======== DATASET CONTENT ========
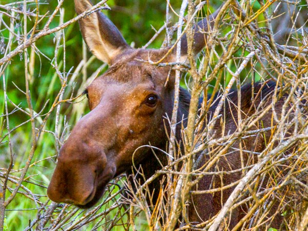 I wasn’t very far into my drive when I saw something move to the right of my car. It’s very hard to see a moose in the trees and brush, because they blend in, but all I needed to do was see the leaves move and I knew I was golden
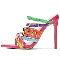 iiimmu 3.5 IN Stiletto Mules High Heels with Pointed Peep Toe Heeled Sandals Faux Leather 1,716,390đ
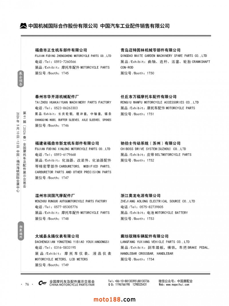 內(nèi)76 第90屆(2025秋)全國摩托車及配件展示交易會-廣州站參展企業(yè)信息
========
## WHAT TO DO
Could you write out exactly the lines running from the one with "iiimmu 3.5 IN" through the last line of the data above, both ends kept, and omit any picture?

## WRITTEN SOLUTION
 iiimmu 3.5 IN Stiletto Mules High Heels with Pointed Peep Toe Heeled Sandals Faux Leather 1,716,390đ
 內(nèi)76 第90屆(2025秋)全國摩托車及配件展示交易會-廣州站參展企業(yè)信息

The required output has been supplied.